• **Data below**
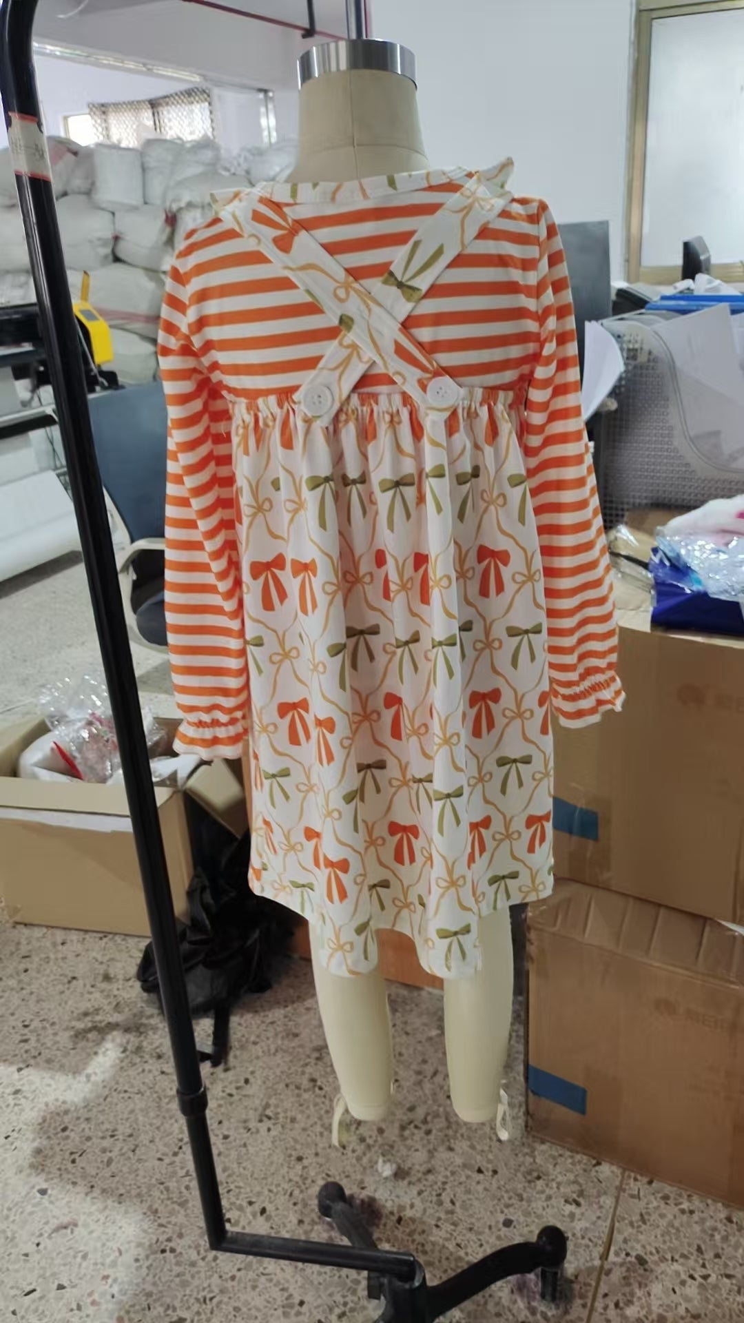 Baby Girls Stripe Bows Top Pockets Knee Length Dresses 2pcs Clothes Sets
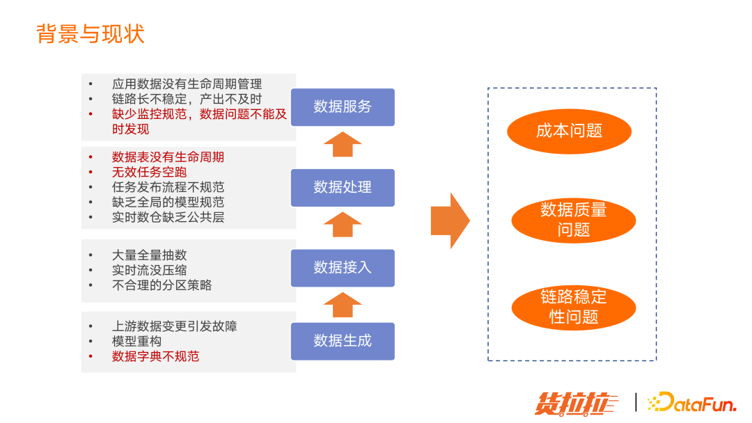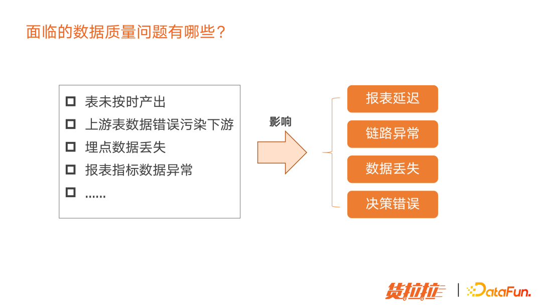 表未按时产出 上游数据错误,污染下游,导致链路异常 埋点数据丢失,无监控造成数据丢失无法发现 报表数据异常,造成决策错误
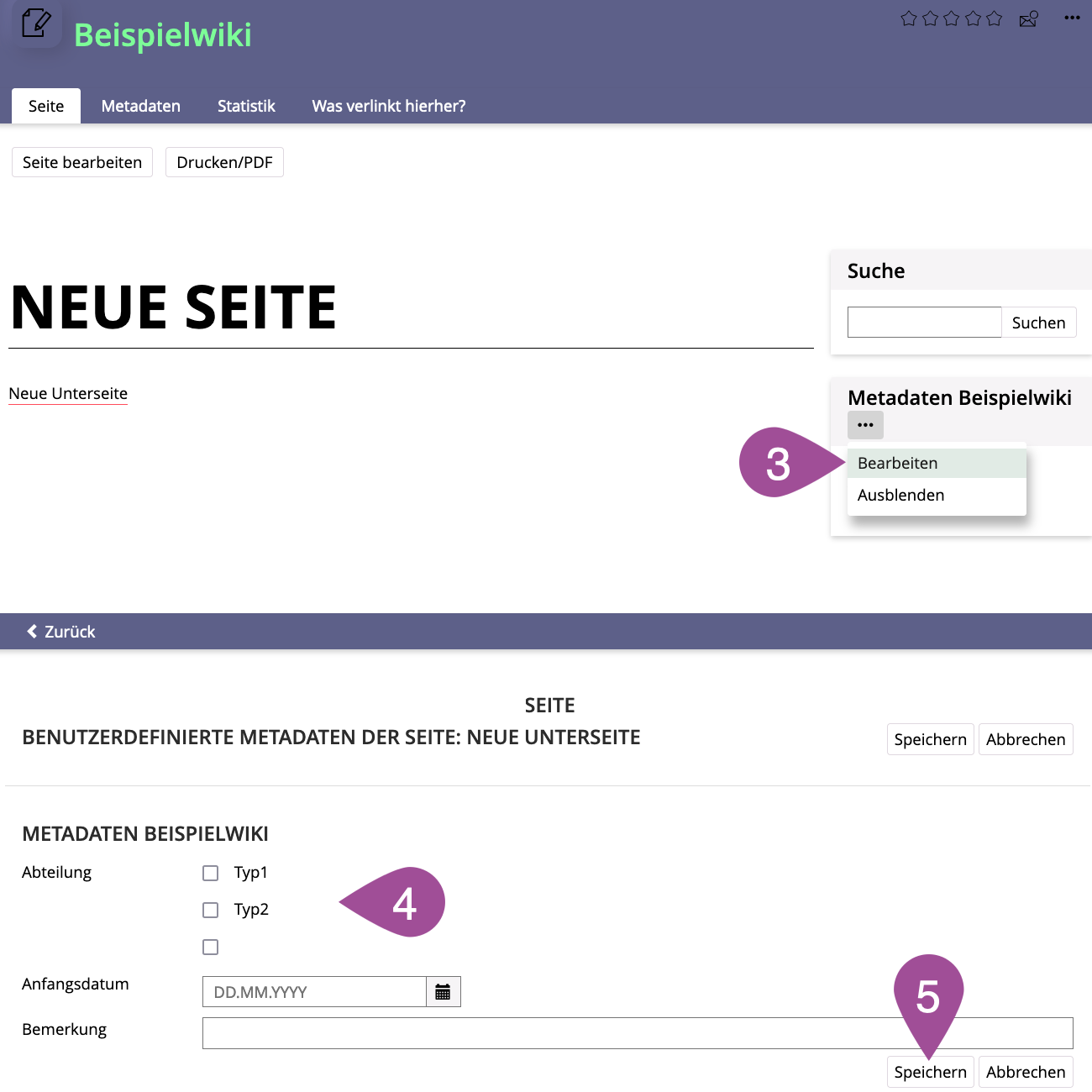 You can use metadata to categorize wiki pages and generate automated page lists (see 3.2 Add content to a wiki page). Metadata consists of metadata sets and individual fields. After you have defined the datasets and fields, you can assign metadata to your wiki pages and have page lists generated automatically based on these assignments.

• **Your assignment**
Everything in the data must be printed verbatim except the pictures.

• **Solution**
 Baby Girls Stripe Bows Top Pockets Knee Length Dresses 2pcs Clothes Sets
 表未按时产出 上游数据错误,污染下游,导致链路异常 埋点数据丢失,无监控造成数据丢失无法发现 报表数据异常,造成决策错误
 You can use metadata to categorize wiki pages and generate automated page lists (see 3.2 Add content to a wiki page). Metadata consists of metadata sets and individual fields. After you have defined the datasets and fields, you can assign metadata to your wiki pages and have page lists generated automatically based on these assignments.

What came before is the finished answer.